Sites loading with curl and debugging

This one is a full on face-palm of fun: A client recently redirected one site that we didn't host to one that we do. At some point, Googlebot had indexed their old site and had URLs to files on the site, and fetching those URLs took down our site.

The old site had previously set up a redirect to include the full URL that was requested to a URL that notified the user of the move. For example, RewriteRule ^(.*)$ http://example.com/test-page.html/$1 [L,R=301].

Something you have to understand is that procedural PHP used to be a big thing.

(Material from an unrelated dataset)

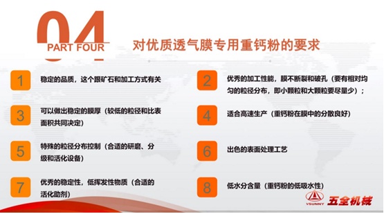 聚烯烴透氣膜是一種高分子防水透氣材料,多用于衛(wèi)生巾、尿不濕以及防護(hù)服等產(chǎn)品中。據(jù)預(yù)測(cè),全球透氣膜市場(chǎng)2016~2024年期間的年復(fù)合增長(zhǎng)率將保持在8.5%以上,至2024年預(yù)計(jì)全球透氣膜市場(chǎng)將達(dá)到400億美元左右。來自東莞市五全機(jī)械有限公司的陳睿升銷售總監(jiān)詳述了聚烯烴透氣膜、透氣膜重鈣粉干法研磨生產(chǎn)工藝、對(duì)優(yōu)質(zhì)透氣膜專用重鈣粉的要求、以及PE透氣膜母粒專用重鈣粉的參數(shù)指標(biāo)。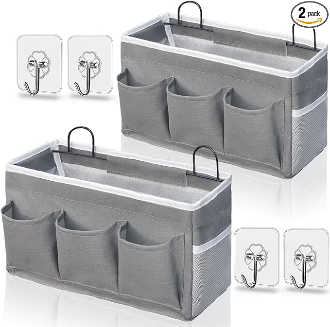- 【Wide To Use】The hanging organizer works great on any chair, bedside, door, or wall that you can hang under the desk, over the cabinet door, or beside the closet shelf. It is suitable for Bedroom, Bathroom, Office, RV Camper, and more. All rooms will become more tidy and comfortable with it.

Many applications written by talented developers used procedural code, especially in times before PHPs OO capabilities came in to serious use (think early PHP 5), so the only real way to do something like MVC was home-grown.

Our site was running a very old version of code that had a check to see, for example, if the requested URL was actually a file. If it wasn't (this is before things like controllers and whatnot), a curl request was made to another URL that contained the requested URL as a parameter. This other URL worked as if it were a controller, performing some different checks, but ultimately falling down to perform a check that made yet another curl request to the same URL so that it could rewrite some links in the content (don't ask, I didn't write it).

Each of these requests was sent from Apache to PHP-FPM with a no-content failure after a 30s timeout. However, our webservers were only set up with 2 PHP-FPM processes as a maximum. The first two requests used up all of the PHP-FPM processes available, leaving the third request blocking. This then triggered failures for anyone else attempting to browse the site (Pingdom, anyone?).

The fix, ignoring the fact that upgrading the code on these old sites to something that doesn't curl against itself multiple times was two-fold:

  1. Anywhere there is a curl to ourselves, make sure to do something like curl_setopt($ch, CURLOPT_TIMEOUT, 3); to prevent the requests from taking very long
  2. Increase the number of PHP-FPM worker processes available to that site.

Overall, we spent approximately 4 hours of developer time trying to debug this issue. It involved some quantum debugging, hair pulling, and exclamations of "why me." In the end, we have another item to tack on to our list of what-not-to-do.